Crispy bruschetta with Roe deer and game broth
Servings: 6–7
Preparation time: 15 minutes
Production time: 40 minutes
INGREDIENTS
Bruschetta:
- Ciabatta
- Hard cheese
For the meat mass:
- 500 g minced Roe deer
- 2 cloves of garlic
- 2 medium onions
- 100 g sour cream
- 20 g flour
- Salt
- Pepper
- Oil
For the game broth:
- 1.5 l of game broth
- 1 medium carrot
- Oil
- Peppercorns
- Bay leaves
- Dill
- Salt
PRODUCTION PROCESS
Preparation of meat mass:
- Add chopped onions and garlic to the heated oil and fry until softened.

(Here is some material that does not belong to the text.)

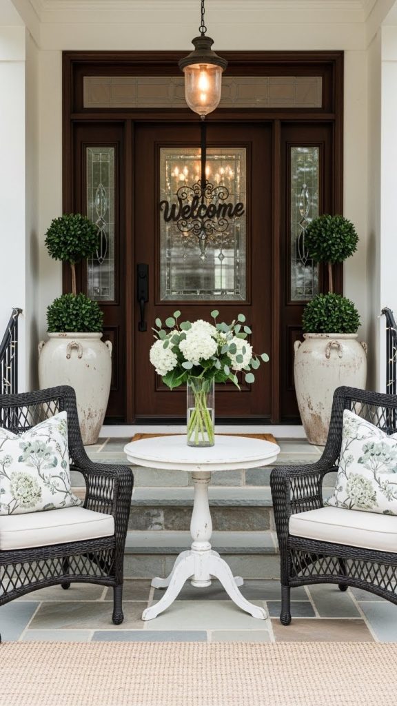 Your front porch can be a delightful spot for relaxation. Imagine stepping outside to a cozy seating area that invites you to unwind. The image showcases a charming setup with comfortable chairs and a small table, perfect for enjoying a morning coffee or evening chat.

- Add the chopped Roe deer, sprinkle with salt and pepper, and simmer until the meat is cooked.
- Add sour cream, flour and mix well until the mixture is smooth.
Preparing the bruschetta:
- Cut the ciabatta bread into slices and toast it in the oven.
- Spread the prepared meat mixture on toasted ciabatta and sprinkle with grated hard cheese.

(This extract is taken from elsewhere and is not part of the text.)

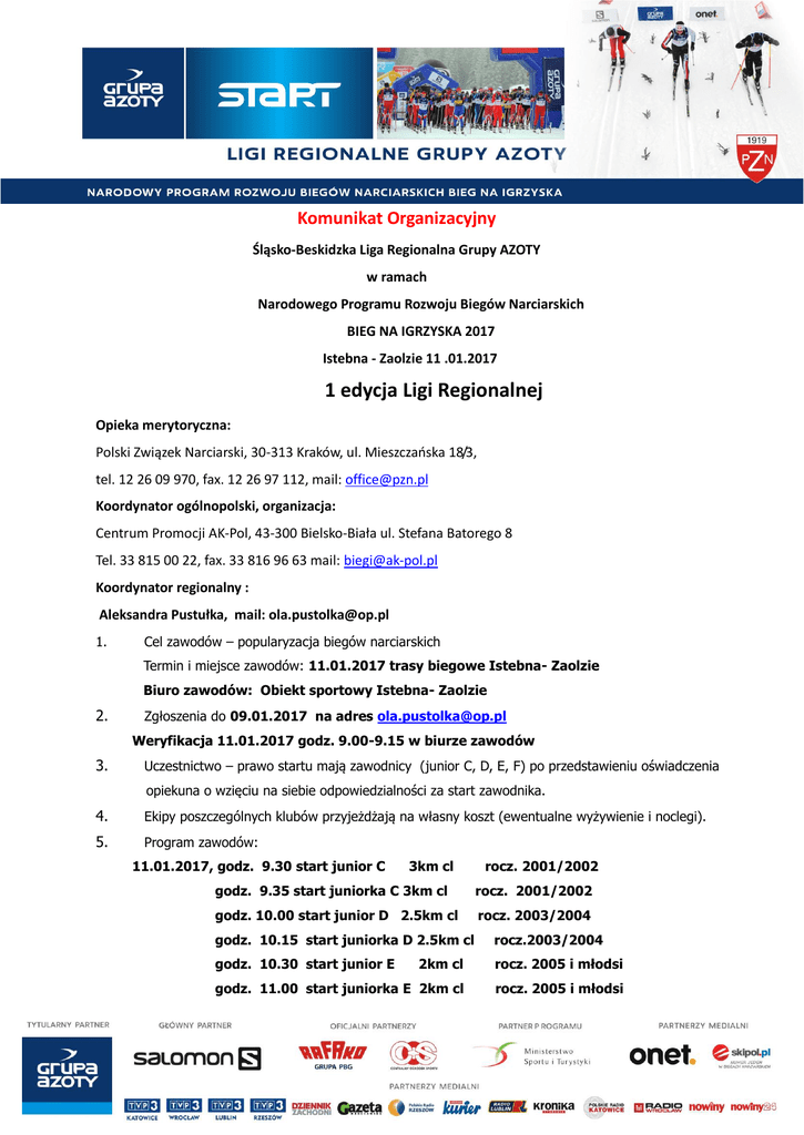 Komunikat Organizacyjny Śląsko-Beskidzka Liga Regionalna Grupy AZOTY w ramach Narodowego Programu Rozwoju Biegów Narciarskich BIEG NA IGRZYSKA 2017 Istebna - Zaolzie 11 .01.2017 1 edycja Ligi Regionalnej Opieka merytoryczna: Polski Związek Narciarski, 30-313 Kraków, ul. Mieszczańska 18/3, tel. 12 26 09 970, fax. 12 26 97 112, mail: [email protected] Koordynator ogólnopolski, organizacja: Centrum Promocji AK-Pol, 43-300 Bielsko-Biała ul. Stefana Batorego 8 Tel. 33 815 00 22, fax. 33 816 96 63 mail: [email protected] Koordynator regionalny : Aleksandra Pustułka, mail: [email protected] 1. Cel zawodów – popularyzacja biegów narciarskich Termin i miejsce zawodów: 11.01.2017 trasy biegowe Istebna- Zaolzie Biuro zawodów: Obiekt sportowy Istebna- Zaolzie 2. Zgłoszenia do 09.01.2017 na adres [email protected] Weryfikacja 11.01.2017 godz. 9.00-9.15 w biurze zawodów 3. Uczestnictwo – prawo startu mają zawodnicy (junior C, D, E, F) po przedstawieniu oświadczenia opiekuna o wzięciu na siebie odpowiedzialności za start zawodnika. 4. Ekipy poszczególnych klubów przyjeżdżają na własny koszt (ewentualne wyżywienie i noclegi). 5. Program zawodów: 11.01.2017, godz. 9.30 start junior C 3km cl rocz. 2001/2002 godz. 9.35 start juniorka C 3km cl rocz. 2001/2002 godz. 10.00 start junior D 2.5km cl rocz. 2003/2004 godz. 10.15 start juniorka D 2.5km cl rocz.2003/2004 godz. 10.30 start junior E 2km cl rocz. 2005 i młodsi godz. 11.00 start juniorka E 2km cl rocz. 2005 i młodsi Dekoracje będą w następujących kategoriach : 1. Junior i juniorka C . 2. Junior i juniorka D . 3. Dekoracje będą też w rocznikach startujących w kategorii open juniora E , F a więc : A/ rocznik 2005/2006 B/rocznik 2007 i młodsi /godziny biegów mogą ulec zmianie, otateczne ustalenia na odprawie technicznej w dniu 11.01.2017 godz. 9.00 - Zawodnicy biorący udział w zawodach muszą posiadać ważne badania lekarskie zezwalające na start w imprezie oraz ubezpieczenie od następstw nieszczęśliwych wypadków. - Organizator nie ponosi odpowiedzialności za ewentualne zaistniałe nieszczęśliwe wypadki podczas trwania imprezy oraz zastrzega sobie prawo zmiany programu zawodów. - Zawody zostaną rozegrane zgodnie z Narciarskim Regulaminem Sportowym PZN oraz regulaminem Lig Regionalnych Grupy AZOTY Organizator zapewnia w trakcie trwania zawodów ciepłe napoje, poczęstunek. Ligi Regionalne Grupy AZOTY są cyklem 25 zawodów w biegach narciarskich /po pięć w każdej z powyższych Lig Regionalnych/ przeznaczonym dla kategorii wiekowej Junior E (2005 i młodsi). Koordynator ogólnopolski dopuszcza możliwość startu w zawodach także kategorii Junior C (2001-2002), Junior D (2003-2004). Klasyfikacja generalna w danej Lidze Regionalnej Grupy AZOTY będzie prowadzona dla juniora E. Do klasyfikacji generalnej juniora E zaliczane będą cztery najlepsze starty z pięciu zawodów cyklu dla danej Ligi Regionalnej Grupy AZOTY. Najlepsi juniorzy E zostaną zakwalifikowani do finału Pucharu Grupy AZOTY. Prawo startu w finale Pucharu Grupy AZOTY będzie miało 12 najlepszych juniorek E i 12 najlepszych juniorów E z danej Ligi Regionalnej. Łącznie prawo kwalifikacji będzie miało 60 juniorek E i 60 juniorów E. 4. Punkty uzyskane przez juniorki/juniorów E w finale Pucharu Grupy AZOTY nie będą zaliczane do klasyfikacji klubowej Pucharu Grupy AZOTY. Niestawienie się zawodnika lub zawodniczki z numerem startowym na ceremonii dekoracji będzie skutkowało dyskwalifikacją, co jest równoznaczne z odebraniem punktów indywidualnych.

- Bake in an oven preheated to 210 °C for 3–4 minutes, until the cheese melts and is lightly browned.
Preparing the game broth:
- Add dill, peppercorns, bay leaves, and salt to the game broth.
- Fry the chopped carrot in a pan with a drizzle of oil and add to the broth.
- Bring to a boil.
DELIVERY
Bruschetta can be served as a separate appetizer or in combination with hot game broth.
Wine recommendations
- With bruschetta with Roe deer A light, fruity red wine will do, for example, Pinot Noir, Grenache or Sangiovese .
- If you want white wine , this will be perfect. Chardonnay or Sauvignon Blanc , especially if you eat the bruschetta with broth.